ASSIGNMENT:
Look through the listing below for the line containing "Швидке розгладжування пом’ятостей". Copy it and each line after it up to and including the line containing "Investigation and evaluation", exactly, leaving out pictures.

*** DATA SUPPLIED ***

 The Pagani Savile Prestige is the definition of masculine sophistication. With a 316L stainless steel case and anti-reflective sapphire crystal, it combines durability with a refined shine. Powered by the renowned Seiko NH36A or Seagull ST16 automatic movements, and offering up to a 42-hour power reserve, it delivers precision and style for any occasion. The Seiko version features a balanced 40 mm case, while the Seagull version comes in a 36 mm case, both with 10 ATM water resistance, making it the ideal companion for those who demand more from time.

***
*** DATA SUPPLIED ***

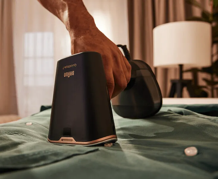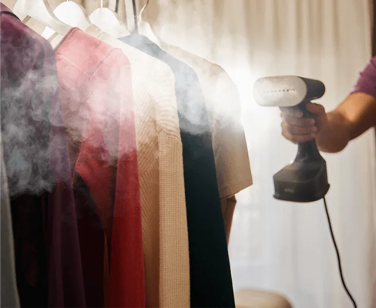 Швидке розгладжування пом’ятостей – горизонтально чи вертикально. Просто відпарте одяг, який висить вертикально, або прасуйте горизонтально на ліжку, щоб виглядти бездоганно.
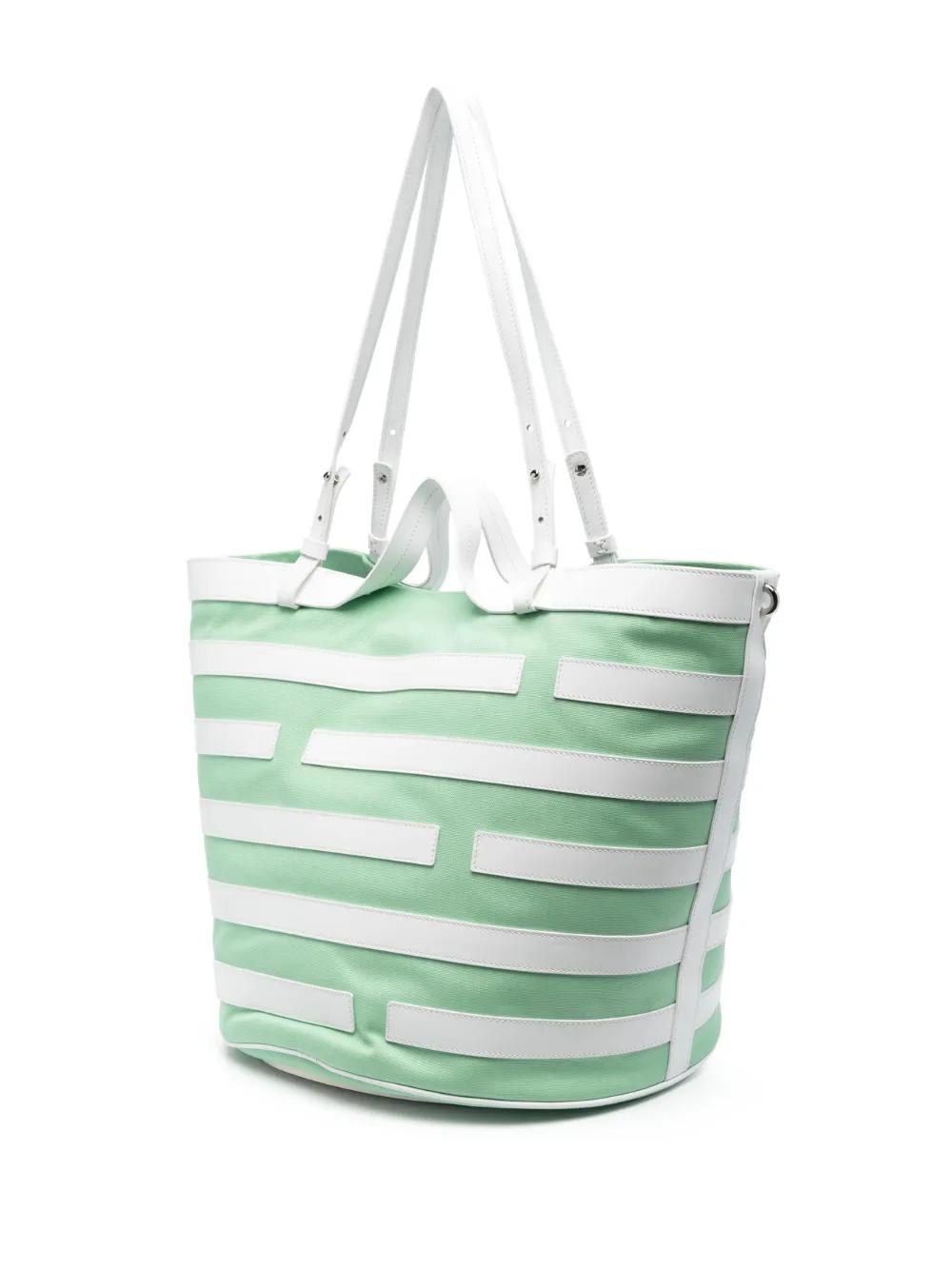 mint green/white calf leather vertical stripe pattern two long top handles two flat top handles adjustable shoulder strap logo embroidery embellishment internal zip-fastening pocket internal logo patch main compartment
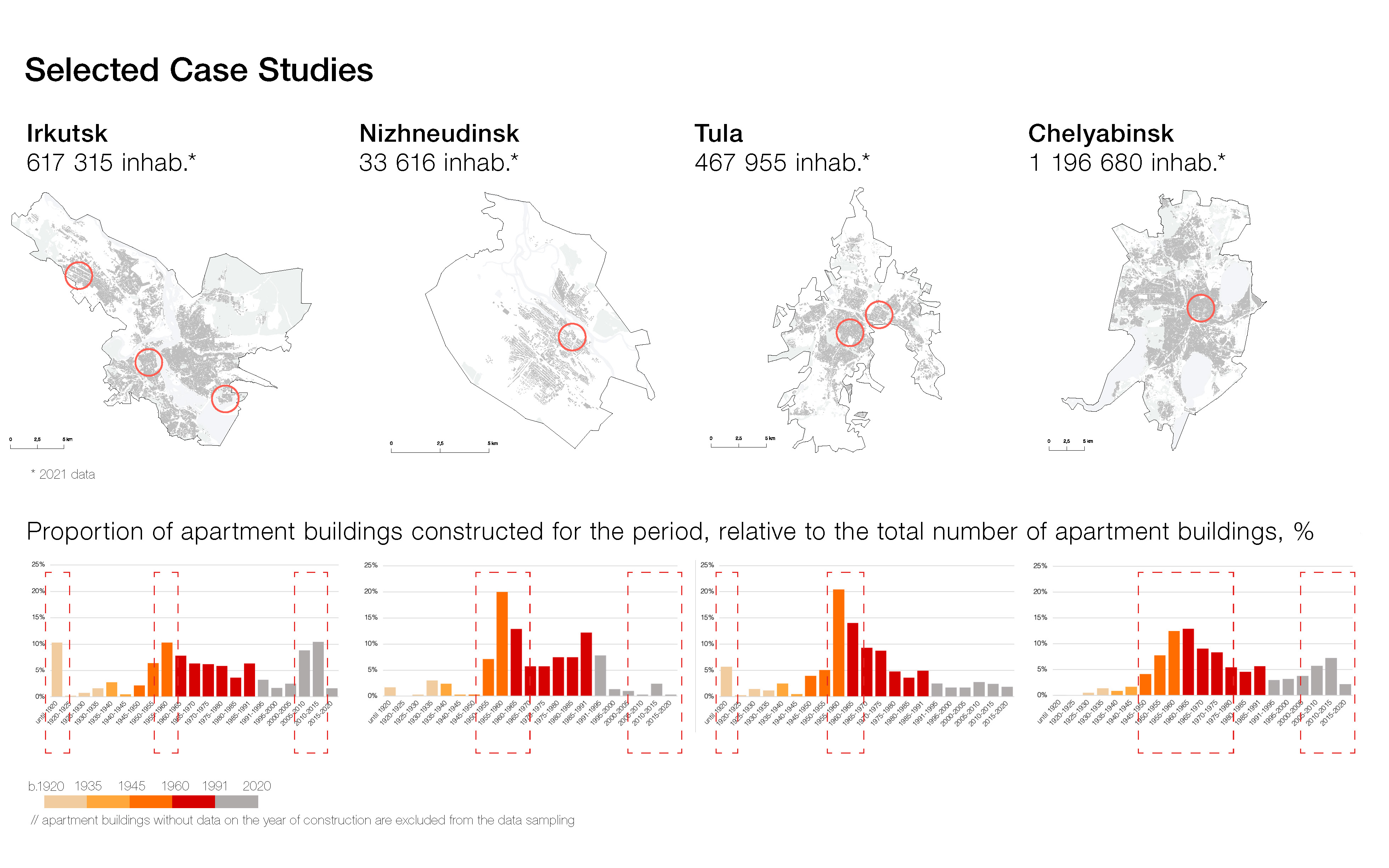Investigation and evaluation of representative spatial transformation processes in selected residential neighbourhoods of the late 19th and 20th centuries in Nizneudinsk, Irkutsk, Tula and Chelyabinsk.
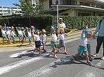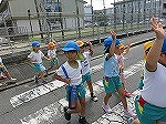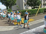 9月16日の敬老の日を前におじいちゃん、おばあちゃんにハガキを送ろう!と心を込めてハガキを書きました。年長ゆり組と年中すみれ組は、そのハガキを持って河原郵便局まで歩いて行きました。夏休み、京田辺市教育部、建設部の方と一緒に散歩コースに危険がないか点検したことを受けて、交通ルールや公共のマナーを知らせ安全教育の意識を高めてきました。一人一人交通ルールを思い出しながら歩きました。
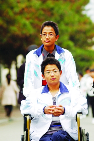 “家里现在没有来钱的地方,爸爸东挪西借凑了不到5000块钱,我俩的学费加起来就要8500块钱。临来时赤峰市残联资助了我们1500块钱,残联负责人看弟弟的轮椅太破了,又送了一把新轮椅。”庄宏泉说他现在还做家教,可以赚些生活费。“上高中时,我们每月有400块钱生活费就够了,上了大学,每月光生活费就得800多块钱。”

***

SOLUTION:
 Швидке розгладжування пом’ятостей – горизонтально чи вертикально. Просто відпарте одяг, який висить вертикально, або прасуйте горизонтально на ліжку, щоб виглядти бездоганно.
 mint green/white calf leather vertical stripe pattern two long top handles two flat top handles adjustable shoulder strap logo embroidery embellishment internal zip-fastening pocket internal logo patch main compartment
Investigation and evaluation of representative spatial transformation processes in selected residential neighbourhoods of the late 19th and 20th centuries in Nizneudinsk, Irkutsk, Tula and Chelyabinsk.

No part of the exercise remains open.